Hideharu Amano was born in Niigata, Japan, in 1958. He received the B.E., M.E., and Ph.D. degrees from Keio University, Japan, in 1981, 1983, and 1986, respectively.

He is now an Assistant Professor in the Department of Computer Science, Keio University. His research interests include the area of parallel processing.
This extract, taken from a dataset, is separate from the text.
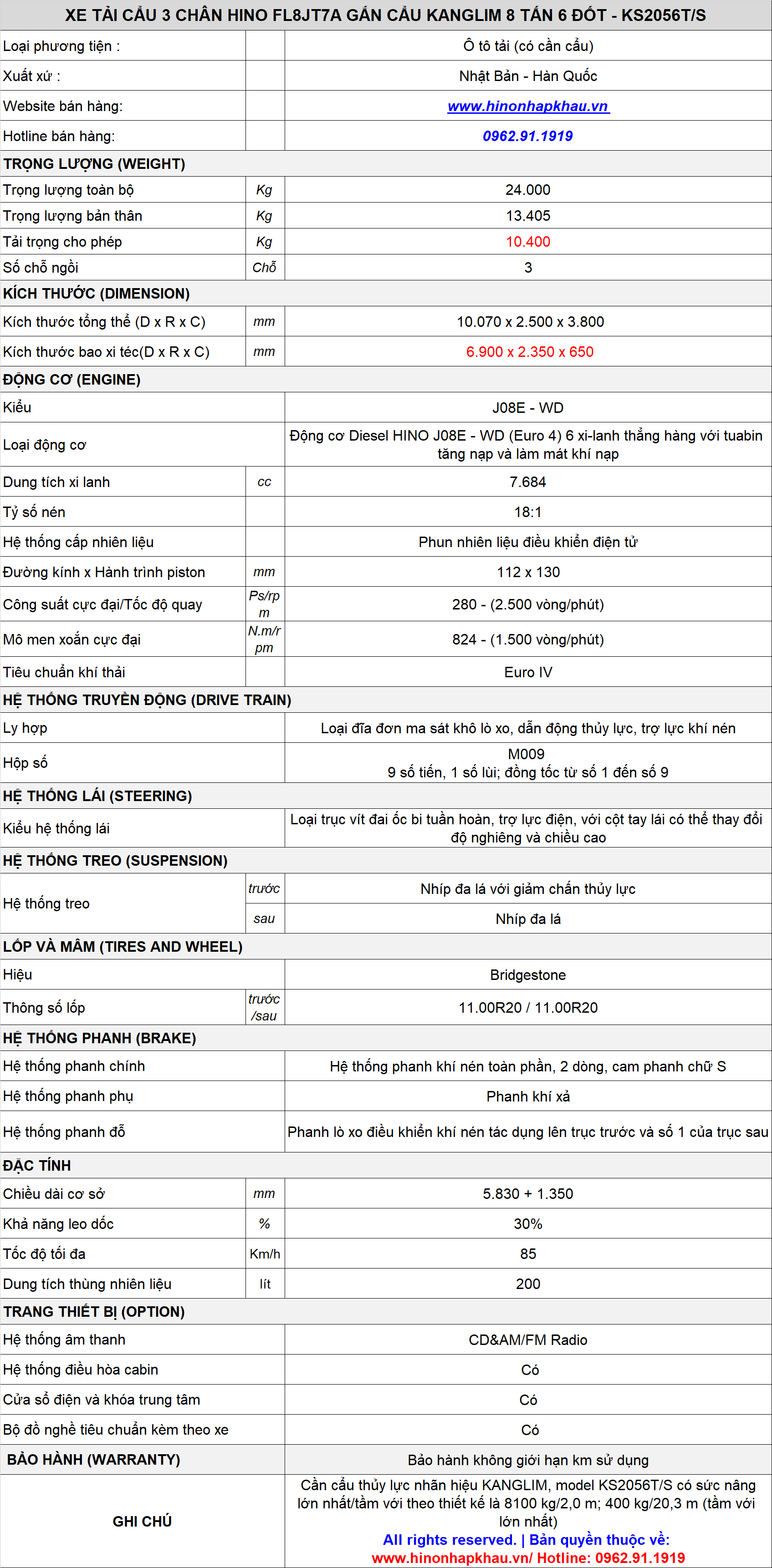 * THÔNG SỐ KỸ THUẬT XE TẢI CẨU 3 CHÂN HINO FL8JT7A LẮP CẨU KANGLIM 8 TẤN 6 ĐỐT KS2056T/S ĐỜI 2021 - 2022 TẠI HÀ NỘI:
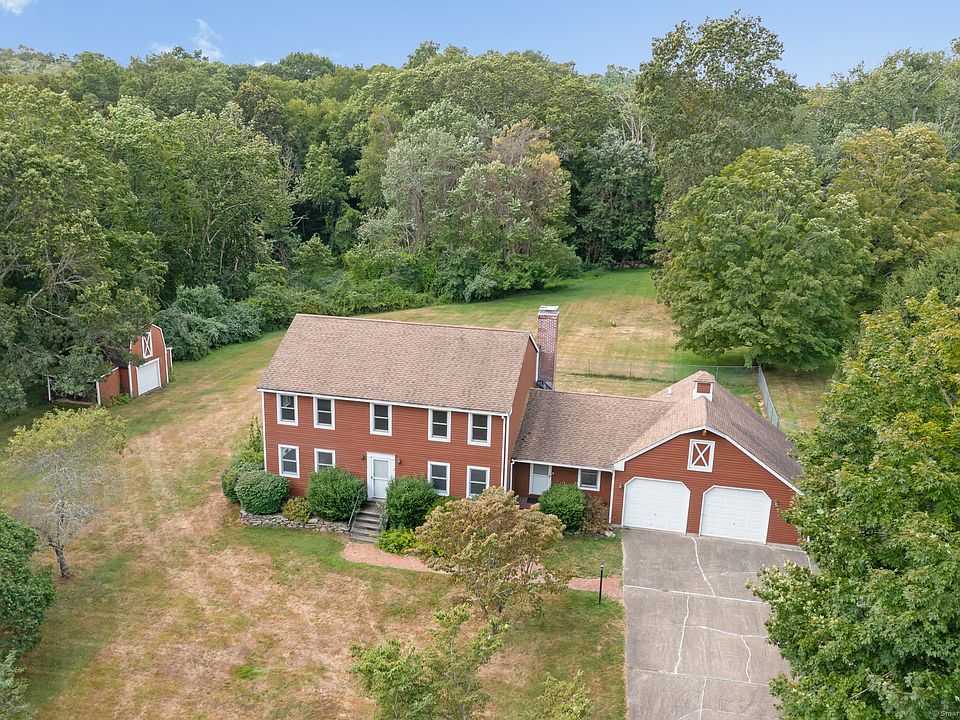 Welcome to this spacious and inviting Colonial set on over 4 beautiful acres, offering the perfect blend of comfort, character, and convenience. This impressive home features four generously sized bedrooms and 2.5 baths, with hardwood floors running throughout. The wide living room, approximately 15' x 24', provides a warm and open gathering space. The kitchen is a true centerpiece, with Corian counters, a gas stove, double ovens, and a striking wood ceiling. It opens seamlessly to the family room, where a cathedral ceiling and wood-stove fireplace create a cozy yet dramatic setting. A first-floor laundry adds everyday ease. Upstairs, the four large bedrooms provide room for everyone, while the primary suite offers a private retreat. Outside, enjoy the best of country living with a huge front and back yard, partially fenced for pets or play, plus a small barn that adds versatility-perfect for storage, hobbies, or animals. The property's sprawling grounds invite gardening, entertaining, or simply relaxing in a private, natural setting. With hardwood floors, quality finishes, and a thoughtful layout, this home is ready for its next chapter. Convenient to town and major routes, yet private enough to feel like your own retreat, this property combines space, charm, and functionality in one remarkable package.

Yoshiyasu Takefuji is a tenured associate professor on faculty of environmental information at Keio University since April 1992 and also on faculty of Electrical Engineering at Case Western Reserve University since 1988. Before joining Case, he taught at the University of South Florida for two years and the University of South Carolina for three years. He received his BS (1978), MS (1980), and Ph.D (1983) from Electrical Engineering from Keio University under the supervision of Professor Hideo Aiso. His research interests focus on neural network parallel computing for solving real-world problems. He is interested in VLSI applications and silicon architecture.